Take the whole listing and reproduce it exactly, pictures excepted.

Start of Given material

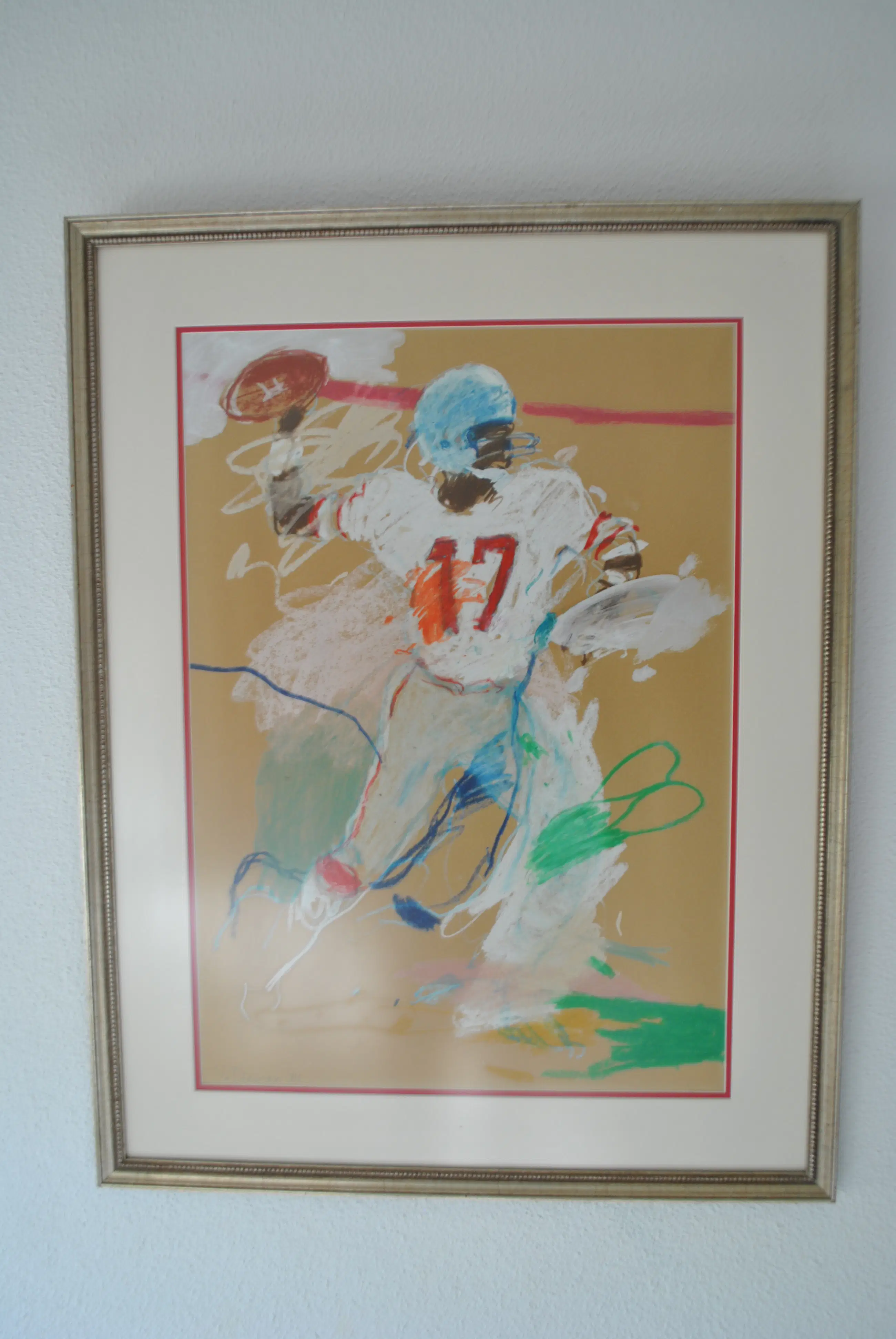 Olieacryl van Jan van Diemen uit 1981 van een Amerikaanse football speler. Links onderaan gesigneerd.
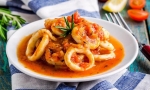 3 Na zmernem ognju dušimo nekaj minut, dodamo majaron in počasi dolivamo paradižnikovo omako. Na nizki temperaturi pustimo vreti, dokler se omaka ne zgosti in kalamari omehčajo. Čisto na koncu dodamo še sesekljan peteršilj.
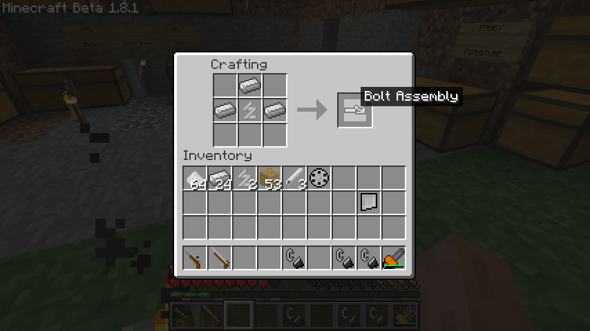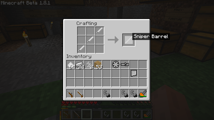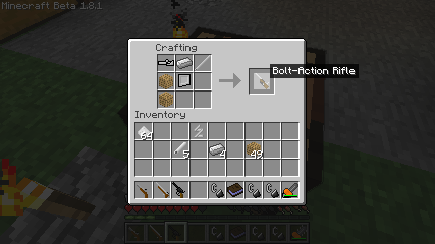 木材*2、鉄、Bolt Assembly、Rifle Magazine、Sniper Barrelでボルトアクションライフル(Bolt-Action Rifle)
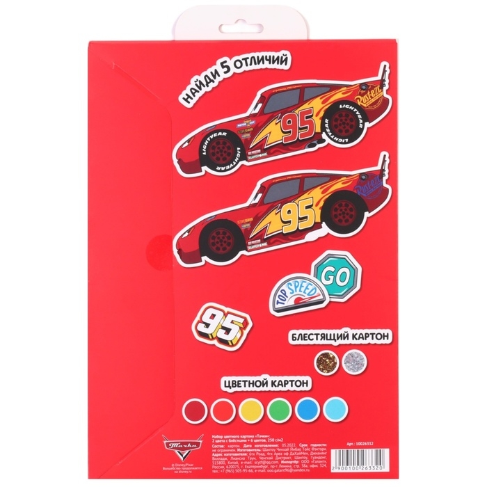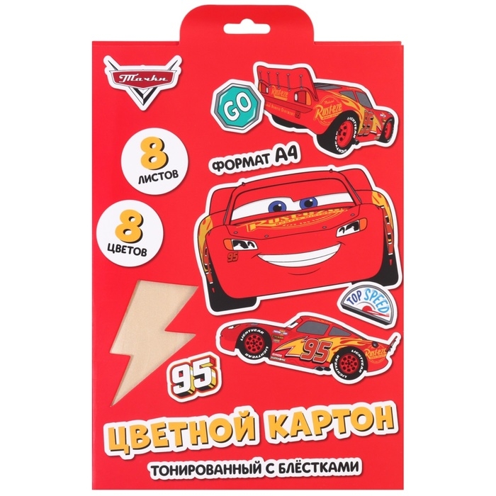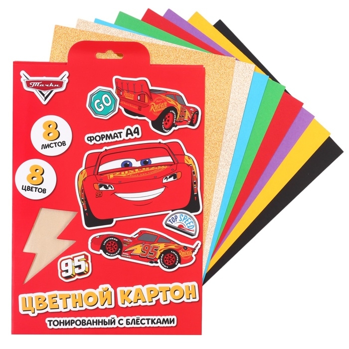 Картон цветной с блёстками, А4, 8 листов, 8 цветов, немелованный, двусторонний, в папке, 250 г/м², Тачки

End of Given material

-- Output of the exercise --
 Olieacryl van Jan van Diemen uit 1981 van een Amerikaanse football speler. Links onderaan gesigneerd.
 3 Na zmernem ognju dušimo nekaj minut, dodamo majaron in počasi dolivamo paradižnikovo omako. Na nizki temperaturi pustimo vreti, dokler se omaka ne zgosti in kalamari omehčajo. Čisto na koncu dodamo še sesekljan peteršilj.
 木材*2、鉄、Bolt Assembly、Rifle Magazine、Sniper Barrelでボルトアクションライフル(Bolt-Action Rifle)
 Картон цветной с блёстками, А4, 8 листов, 8 цветов, немелованный, двусторонний, в папке, 250 г/м², Тачки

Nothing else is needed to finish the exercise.